Assume that $K$ doesn't touch $\infty$. Can the volume form $dV_g$ be described from the three functions
$$K_i(\theta)\qquad\qquad\qquad \theta \in [0,2\pi),\quad i = 1, 2, \text{or } 3?$$
The Mostow Rigidity Theorem is not quite stated quite correctly in your post: $g$ is not unique on the nose as you have stated it. Instead, the correct statement is that if $g,g'$ are two complete, finite volume Riemannian metrics on $S^3 - K(S^1)$ of constant sectional curvature $-1$ then there exists a diffeomorphism $h : S^3 - K(S^1) \to S^3 - K(S^1)$ homotopic to the identity such that $g = h^*(g')$ (Gabai strenghthened this conclusion to "isotopic to the identity").
Because of this, it is not quite reasonable to ask for the volume form. One could instead ask for a volume form, in fact one could ask for more, one could ask for a Riemannian metric $g$ satisfying the desired conditions (and then with $g$ in your hands you could compute the volume form $dV_g$ at your leisure). But the point to realize here regarding uniqueness is that one can always perturb that metric $g$, by choosing a small diffeomorphism isotopic to the identity, and pushing $g$ forward to get another such metric $g'$.
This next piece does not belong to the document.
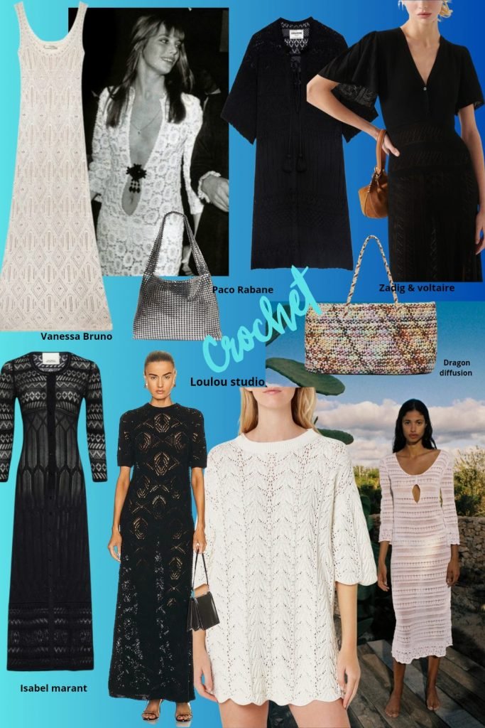 Autre tendance forte de la saison, qu’on avait déjà vu l’année dernière, le crochet. Portée avec une sous-robe coupée courte afin de jouer sur les transparences sans provocation, elle passera partout sans problème, en noire, crème ou blanche. Attention à la dentelle de coton trop épaisse qui risque de rester au placard pour les raisons évoquées plus haut. Sandales plates obligatoires, n’est pas Loana qui veut 🙂
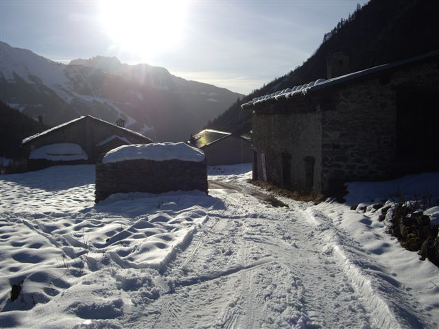 После домиков Les Fontaine (хотя видел только табличку Le Grot) пошла асфальтированная горная дорога, покрытая снегом.

So, having said all of that, the best answer I can think of in full generality is to use SnapPea to compute a decomposition of $S^3 - K(S^1)$ into ideal tetrahedra, together with a corresponding gluing diagram of ideal $\mathbb H^3$ tetrahedra. One could then write down $g$ for oneself, by using the SnapPea output to map the ideal $\mathbb H^3$ tetrahedra in that gluing diagram to the ideal tetrahedra of the given triangulation, then pushing forward the hyperbolic metrics from the ideal $\mathbb H^3$ tetrahedra.